L'« après-cancer » plus rude que le traitement pour 61 % des patients

Le 7e Observatoire sociétal des cancers souligne la nécessité de soutenir sur le long terme les personnes ayant été atteintes d'un cancer.

Par Anne Jeanblanc (Le Point)

Près de 60 % des personnes atteintes d'un cancer en guérissent, mais 61 % d'entre elles considèrent que « l'après-cancer » est plus difficile à vivre que les traitements. D'autre part, 73 % estiment que cette maladie a été l'un des événements les plus marquants de leur existence et 19 % jugent qu'elle leur a permis « de prendre un nouveau départ ». Ce sont les principaux enseignements de la 7e édition de l'Observatoire sociétal de la Ligue contre le cancer. Les résultats de l'étude ont été publiés ce lundi matin, en ce premier jour d'Octobre rose, consacré au cancer du sein. Dans son rapport intitulé Après un cancer, le combat continue !, l'association a mis l'accent sur « les conséquences du cancer jusqu'à 25 ans après la fin des traitements pour les malades et leurs proches, que ce soit au niveau familial, social, économique ou professionnel ».

Les auteurs de l'étude jugent « incompréhensible » que seuls 32 % des personnes interrogées aient entendu le mot « guérison » 10, 15 ou même 20 ans après la fin de leurs traitements. Ils notent que 7 % des personnes interrogées cumulent de « très fortes conséquences » psychologiques, physiques, professionnelles, financières, ainsi que sur les projets de vie. Cela touche le plus souvent les femmes, les personnes âgées de moins de 60 ans, celles qui ont eu plusieurs cancers, les patients qui ont terminé leurs traitements depuis moins de 5 ans et ceux qui ont souffert d'un cancer des voies aérodigestives.

Mieux « protéger »

La Ligue regrette que « 17 % des personnes interrogées qui exerçaient une activité professionnelle avant les traitements n'ont jamais repris le travail ». Globalement, « 22 % ont été confrontés à des difficultés d'accès à l'emploi et 21 % ont connu des difficultés dans la poursuite de leur carrière professionnelle ». Les pertes financières sont jugées « importantes » par 27 % des personnes interrogées ayant arrêté leur activité professionnelle pendant leurs traitements et par 42 % des personnes interrogées n'ayant jamais repris leur activité professionnelle.
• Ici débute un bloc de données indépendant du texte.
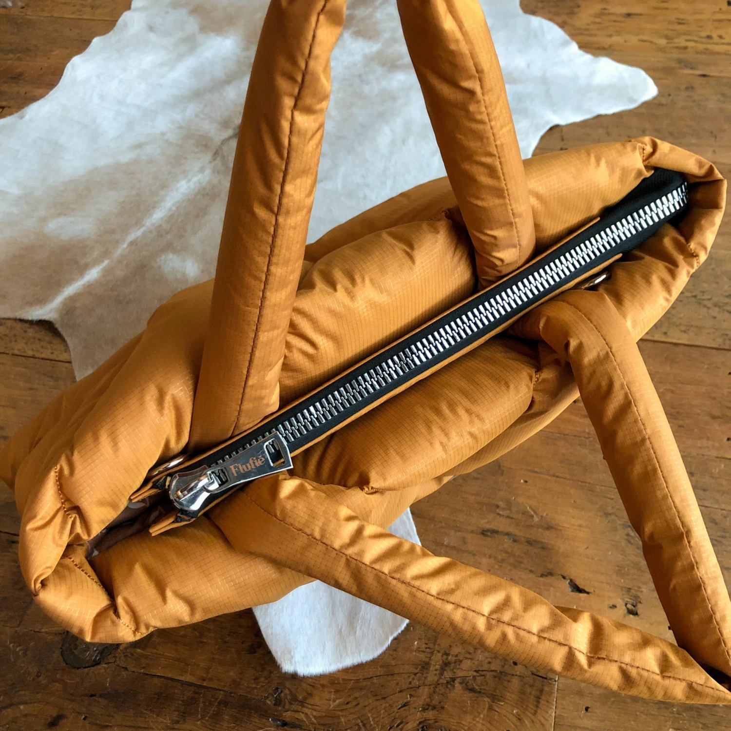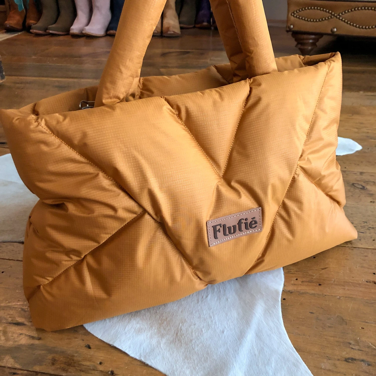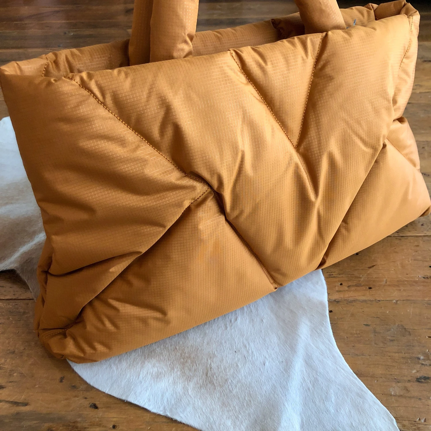 - Golden saddle tan puffer handbag.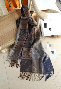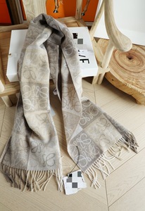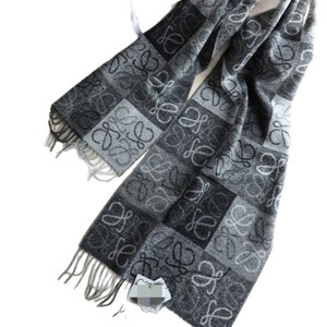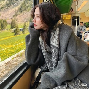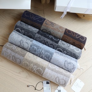 秋冬季棋盘格字母涂鸦双面围脖黑灰披肩羊毛羊绒流苏围巾女

Quant au reste à charge, il demeure élevé : une personne sur deux en déclare un (évalué à 301 euros par an en moyenne) entre 2 et 5 ans après la fin des traitements et elles sont encore presque 2 sur 10 à en déclarer après plus de 25 ans (287 euros en moyenne). Ces frais sont liés aux transports pour les examens de suivi ou à des consultations avec des professionnels comme des psychologues ou des diététiciens. Ils peuvent aussi être dus à des médicaments peu ou pas remboursés qui sont encore prescrits dans la période de l'après-cancer pour prévenir ou soigner les effets indésirables (29 % des personnes), à des dépassements d'honoraires pour les opérations de reconstruction mammaire ou de changement d'implant mammaire plus de 10 ans après la fin des traitements (23 %), ou des problèmes dentaires (18 %). C'est pourquoi la Ligue demande une « protection » sur le long terme des personnes qui ont été atteintes d'un cancer.